The soundscapes of our oceans have undergone substantial changes as a result of human anthropogenic activities. This, in turn, threatens the existence of ocean mammals such as the Bryde’s whale, as they use sound to navigate, communicate, avoid predators, recognise prey for survival and function properly within their ecosystem. Anthropogenic activities include shipping, offshore exploration, geophysical seismic surveys, and naval sonar operations. These activities have been detrimental to marine fauna and caused, amongst others, physical injury, physiological dysfunction, and behavioural modification. Overall, it caused a decrease in reproduction rate. Nevertheless, very little information regarding the population dynamics and taxonomic status of Bryde’s whales exists. Recent research strongly suggests that the two ecotypes, namely the resident inshore Bryde’s whale and the seasonal offshore Bryde’s whale, can be split at a species level. This can have far-reaching implications, putting the inshore Bryde’s whale species at a real and substantial risk of extinction.

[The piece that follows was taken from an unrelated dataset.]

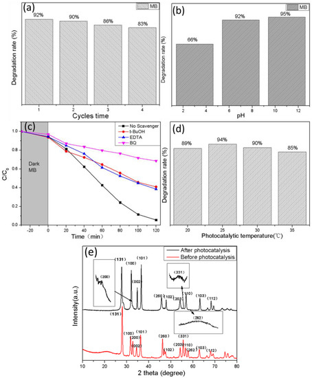 The effect of different pH values on the photodegradation of dyes has been explored, eg. photocatalytic efficiency on RhB degradation at pH 5, 7 and 11 [63], the different pH values (pH = 1,4,7,10) on the degradation of RhB [64] and the settling behavior of TiO2 at different pH values (pH = 3.60, 5.98 and 9.15) [65]. It could be found that the different pH values represented acidic, neutral, and alkaline conditions for the reaction. Consequently, the photocatalytic degradation under three conditions of pH = 3, 7, and 11 were investigated (Figure 10b). It can be seen that under neutral (pH = 7) and alkaline conditions (pH = 11), the adsorption of dyes by the catalyst were significantly better than that under acidic conditions (pH = 3). This might be caused by the increase of OH− in the reaction environment, which would lead to the increase of ·OH and had a positive effect on the photocatalytic reaction [66]. Likewise, the degradation rate of the catalyst was the worst at pH = 3. Due to the fact that the catalytic efficiency for cases pH = 7 and pH = 11 were similar, pH = 7 was selected economically as the experimental condition because of low energy cost. In order to study the main oxide species in the photocatalytic synergistic degradation of MB by BZO, EDTA, p-benzoquinone (BQ) and tert-butanol (t-BuOH) were used as scavengers to capture holes (h+), superoxide radicals (•) and hydroxyl radicals (·OH), and the degradation situation without scavenger was used as the control group [67]. All species had significant roles in the photocatalytic degradation process. Compared with other substances, p-benzoquinone played the most significant role in the degradation reaction, which indicated that superoxide radical (•) played a major role in the degradation reaction (Figure 10c). The effects of temperature on the degradation of MB were investigated at different temperatures (Figure 10d). One can easily find that the degradation rate at room temperature was the best (94%). As shown in Figure 10e, XRD patterns before and after photocatalysis were analyzed, and it was found that several peaks, such as (200), (331), and (262), widened after photocatalysis. This may be caused by the decrease of the particle size, defects, or internal stress during the photocatalytic degradation [68,69].

1. Overview of the project
Considering the above, Prof Jaco Versfeld and his team set out to use passive acoustic monitoring together with machine learning to recognise and distinguish between individual inshore Bryde’s whales. This will allow for an improved estimate of population size and the ability to conduct studies such as movement tracking. According to Prof Versfeld, “once we can distinguish between individuals, we can make more accurate estimations on the population size of the inshore Bryde’s whales resident to False bay. Also, with the ability to distinguish between individuals, we can track the movements of these mammals, gaining invaluable information. The movement data can be used to see whether these whales enter busy shipping lanes, a very high-risk area for both the whales and ships.” This movement data coupled with fish stock data can assist biologists to gain an improved understanding of the whales’ dietary habits. The ability to recognise individual whales can also facilitate population estimation techniques such as mark and recapture.
2. Passive acoustic monitoring techniques
This project sets out to mainly use passive acoustic monitoring techniques in the final stages of the project. There are several advantages attached to using passive acoustic monitoring (PAM). The major advantage of PAM is that these systems record day and night, and during all types of weather, while other types of studies are weather dependent. The PAM recorders record autonomously and are not based on human observations. Finally, because these recorders are passive, they have minimal disturbance on the environment. “The ability to identify individual inshore Bryde’s whales, as well as the ability to track their movements will enable us to more accurately estimate the population size of the inshore Bryde’s whales resident in False Bay” according to Prof Versfeld. “This will also allow us to assess anthropogenic threats to these whales in False Bay, which can lead to proposed mitigation strategies, such as the recent temporary ban on octopus traps in False Bay”, he explains.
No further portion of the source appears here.